(Source data)
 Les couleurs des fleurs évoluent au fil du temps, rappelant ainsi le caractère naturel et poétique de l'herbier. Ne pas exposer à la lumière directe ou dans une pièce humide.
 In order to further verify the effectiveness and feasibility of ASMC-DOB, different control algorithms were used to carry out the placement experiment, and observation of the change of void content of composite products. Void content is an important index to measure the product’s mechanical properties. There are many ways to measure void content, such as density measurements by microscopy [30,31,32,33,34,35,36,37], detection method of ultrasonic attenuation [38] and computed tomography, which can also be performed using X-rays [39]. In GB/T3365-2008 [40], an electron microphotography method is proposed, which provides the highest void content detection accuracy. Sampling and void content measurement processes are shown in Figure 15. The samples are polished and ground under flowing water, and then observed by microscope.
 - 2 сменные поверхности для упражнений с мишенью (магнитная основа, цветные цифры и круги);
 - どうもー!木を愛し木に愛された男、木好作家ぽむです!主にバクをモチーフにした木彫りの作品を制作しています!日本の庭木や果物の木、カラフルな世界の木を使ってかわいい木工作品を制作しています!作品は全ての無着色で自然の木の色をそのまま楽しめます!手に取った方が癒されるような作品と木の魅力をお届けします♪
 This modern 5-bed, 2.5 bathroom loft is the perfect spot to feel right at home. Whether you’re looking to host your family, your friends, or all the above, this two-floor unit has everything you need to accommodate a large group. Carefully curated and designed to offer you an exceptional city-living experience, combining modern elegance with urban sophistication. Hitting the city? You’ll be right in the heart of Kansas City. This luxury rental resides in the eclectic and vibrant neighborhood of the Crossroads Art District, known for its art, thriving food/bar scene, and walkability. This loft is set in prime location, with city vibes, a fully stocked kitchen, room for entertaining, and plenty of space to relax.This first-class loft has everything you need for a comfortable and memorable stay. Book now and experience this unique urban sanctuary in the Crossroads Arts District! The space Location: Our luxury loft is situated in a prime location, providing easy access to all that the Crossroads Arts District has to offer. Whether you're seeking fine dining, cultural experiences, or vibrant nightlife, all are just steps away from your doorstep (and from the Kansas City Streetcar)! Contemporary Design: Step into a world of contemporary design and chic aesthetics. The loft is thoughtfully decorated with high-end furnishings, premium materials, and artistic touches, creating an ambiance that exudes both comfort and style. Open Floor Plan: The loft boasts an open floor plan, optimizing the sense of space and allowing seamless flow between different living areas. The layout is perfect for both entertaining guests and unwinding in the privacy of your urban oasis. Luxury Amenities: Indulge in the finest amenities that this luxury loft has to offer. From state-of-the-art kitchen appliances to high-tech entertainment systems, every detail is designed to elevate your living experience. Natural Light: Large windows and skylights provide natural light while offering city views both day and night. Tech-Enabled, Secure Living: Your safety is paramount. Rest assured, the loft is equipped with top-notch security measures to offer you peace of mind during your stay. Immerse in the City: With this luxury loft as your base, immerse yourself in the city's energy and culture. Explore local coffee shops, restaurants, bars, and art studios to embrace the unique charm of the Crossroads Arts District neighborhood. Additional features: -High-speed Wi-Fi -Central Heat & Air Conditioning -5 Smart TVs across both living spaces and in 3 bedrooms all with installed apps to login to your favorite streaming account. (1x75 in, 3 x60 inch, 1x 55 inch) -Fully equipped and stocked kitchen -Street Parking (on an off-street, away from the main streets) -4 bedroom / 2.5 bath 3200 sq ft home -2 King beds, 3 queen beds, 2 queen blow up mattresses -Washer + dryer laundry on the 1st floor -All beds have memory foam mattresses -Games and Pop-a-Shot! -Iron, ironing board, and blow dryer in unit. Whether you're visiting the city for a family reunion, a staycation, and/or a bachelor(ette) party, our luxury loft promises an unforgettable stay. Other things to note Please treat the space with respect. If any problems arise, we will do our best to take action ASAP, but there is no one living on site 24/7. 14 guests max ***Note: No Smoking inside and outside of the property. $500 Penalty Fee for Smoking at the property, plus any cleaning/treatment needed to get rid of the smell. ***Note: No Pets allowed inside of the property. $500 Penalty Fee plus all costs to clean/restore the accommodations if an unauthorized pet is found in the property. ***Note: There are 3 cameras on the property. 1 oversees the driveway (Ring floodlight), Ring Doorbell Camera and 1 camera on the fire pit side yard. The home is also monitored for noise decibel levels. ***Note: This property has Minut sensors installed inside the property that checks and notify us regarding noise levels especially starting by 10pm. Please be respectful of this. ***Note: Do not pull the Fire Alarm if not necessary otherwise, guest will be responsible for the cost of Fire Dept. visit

▶ **Exercise details**: Copy exactly the stretch of data above from the line with "- 2 сменные" through the line with "- どうもー!木を愛し木に愛", and omit all other lines.

▶ **Response to this task**:
 - 2 сменные поверхности для упражнений с мишенью (магнитная основа, цветные цифры и круги);
 - どうもー!木を愛し木に愛された男、木好作家ぽむです!主にバクをモチーフにした木彫りの作品を制作しています!日本の庭木や果物の木、カラフルな世界の木を使ってかわいい木工作品を制作しています!作品は全ての無着色で自然の木の色をそのまま楽しめます!手に取った方が癒されるような作品と木の魅力をお届けします♪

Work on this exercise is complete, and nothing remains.